Бредихин махнул рукой и кинул на стол вилку так, что она запрыгала по столу, слетела на пол и, вонзившись в половицу, закачалась, закивала словам Бредихина. Ситников поднял её и положил на стол. Никишин сказал мрачно:
— Как это так — «что говорить». Наоборот, как раз говорить и надо об этом, и как можно громче.
— А ты думаешь, не говорят? Ты думаешь, все молчат? Не все. Неправда. Есть и у нас люди. И говорят и делают, да ведь каково им приходится стену-то лбом прошибать. Вот возьми хоть батьку моего покойного. Он эти Мурманские промыслы как свои пять пальцев знал. Всю жизнь им отдал. От рыбака-помора до штурмана дошел, своим горбом достукался. Душу всю на это положил. Сколько раз на свои трудовые копейки в Питер ездил, сколько департаментских порогов обил, сколько сапог стоптал, по приемным бегавши! До самого министра доходил. Записки докладные подавал, уговаривал, доказывал, слезно просил, требовал. А что из всех тех хлопот получилось? Ровным счетом ничего. Так и умер между Петербургом и Мурманом, возвращаясь по санному пути в свой неласковый, да милый край. После из географического общества матери медаль прислали — только и всего. А ты говоришь…
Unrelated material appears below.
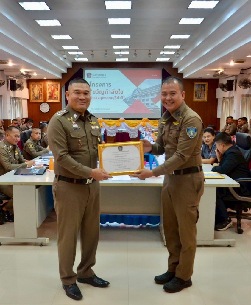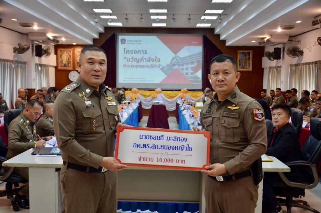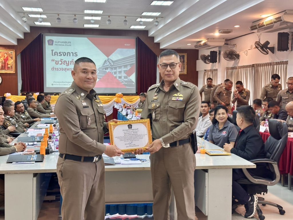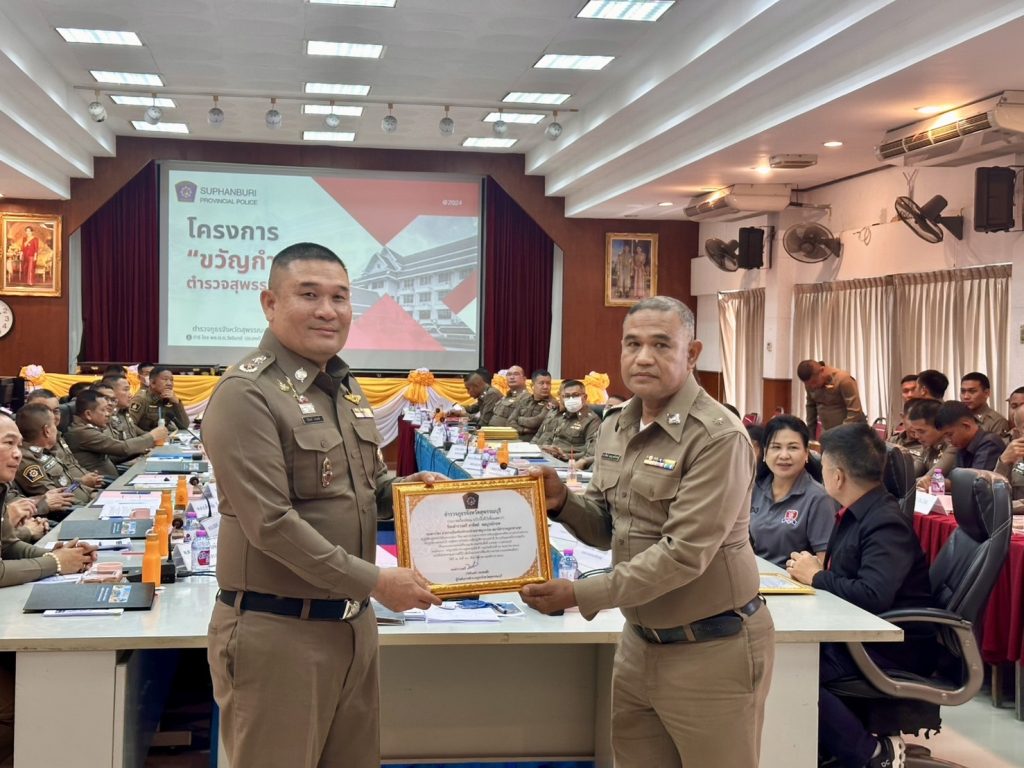 วันที่ (10 มิ.ย.68) เวลา 13.30 น. พล.ต.ต.วัชรินทร์ ประสพดี ผบก.ภ.จว.สุพรรณบุรี เป็นประธานการประชุม พร้อมด้วย รอง ผบก.ภ.จว.สุพรรณบุรี , หน.สภ.ฯ ในสังกัด , ผกก.สืบสวนฯ , ผกก.(สอบสวน)ฯ , ผกก./รอง ผกก./สว. ฝอ.ภ.จว.สุพรรณบุรี และหน่วยเกี่ยวข้อง ร่วมประชุมบริหารราชการ ภ.จว.สุพรรณบุรี ครั้งที่ 6/2568 ประจำเดือน มิ.ย.68 เพื่อเร่งรัดและติดตามผลการปฏิบัติงาน และกำชับข้าราชการตำรวจในสังกัดปฏิบัติหน้าที่อย่างเคร่งครัด โดยวาระก่อนการประชุม ได้มีการรับมอบเงินสนับสนุนสมทบทุนโครงการ “ขวัญกำลังใจ ตำรวจสุพรรณบุรีทำดี” จากผู้มีรายนาม ดังนี้ 1. นายเวทวัฒน์ เวทสรณสุธี พร้อมคณะ กต.ตร.สภ.ศรีประจันต์ จำนวน 30,000 บาท 2. น.ส.ณาตยา กลิ่นจุ่น พร้อมคณะ กต.ตร.สภ.สระแก้ว จำนวน 20,000 บาท 3. นายชยพล ปั้นปล้อง กต.ตร.สภ.หนองหญ้าไซ จำนวน 10,000 บาท 4. นายวาทิตย์ ใจธรรม บริษัท เจ อาร์ แพค จำกัด จำนวน 10,000 บาท 5. ผู้แทน คณะ กต.ตร.สภ.บางปลาม้า จำนวน 40,000 บาท 6. ผู้แทน บริษัทโรงโม่หินด่านช้าง จำนวน 40,000 บาท 7. ผู้แทน คณะ กต.ตร.สภ.เดิมบางนางบวช จำนวน 30,000 บาท 8. ผู้แทน คณะ กต.ตร.สภ.หนองหญ้าไซ จำนวน 20,000 บาท 9. ผู้แทน ประธาน กต.ตร.สภ.ทุ่งคอก จำนวน 20,000 บาท จากนั้นได้มีการมอบเกียรติบัตรและเงินรางวัลให้แก่ข้าราชการตำรวจตามโครงการ “ขวัญกำลังใจ ตำรวจสุพรรณบุรีทำดี” ที่มีผลการปฏิบัติในรอบเดือน พ.ค.68 ซึ่งผ่านการพิจารณาจากคณะกรรมการฯ มีรายละเอียด ดังนี้ 1.จับกุมอาวุธปืน 38 กระบอก เงินรางวัล 36,800 บาท 2.จับกุมคดีอุกฉกรรจ์สะเทือนขวัญ/คดีน่าสนใจ 5 รางวัล เป็นเงิน 35,000 บาท 3.การสร้างภาพลักษณ์ที่ดีต่อองค์กร 1 รางวัล เป็นเงิน 1,000 บาท 4.การปฏิบัติหน้าที่ด้านอำนวยการและสนับสนุน 6 รางวัล เป็นเงิน 6,000 บาท 5.การปฏิบัติหน้าที่ด้านงานสอบสวน 6 รางวัล เป็นเงิน 6,000 บาท 6.การปฏิบัติหน้าที่ด้านงานจราจร 3 รางวัล เป็นเงิน 3,000 บาท 7.การปฏิบัติหน้าที่ด้านงานป้องกันปราบปราม 4 รางวัล เป็นเงิน 4,000 บาท 8.การปฏิบัติหน้าที่ด้านงานสืบสวน 4 รางวัล เป็นเงิน 4,000 บาท 9.การจัดทำคลิปวีดิโอประชาสัมพันธ์ 5 รางวัล เป็นเงิน 13,000 บาท รวมเป็นเงินรางวัล จำนวน 108,800 บาท ณ ห้องประชุม 1 ชั้น 3 ภ.จว.สุพรรณบุรี

Бредихин рывком двинул стул в сторону и выскочил из-за стола, забыв о лежавшей на тарелке треске. Его сейчас заботила треска не в тарелке, а в море. Ему мерещились несметные косяки её, серебрящиеся в таинственных морских глубинах, и это одновременно приводило его в волнение и лишало аппетита. Вскоре, впрочем, Бредихин вспомнил и о жареной треске. Снова подсев к столу, он молча принялся за еду и мало-помалу успокоился, забыв о горестях и нуждах неустроенного и необжитого Мурмана.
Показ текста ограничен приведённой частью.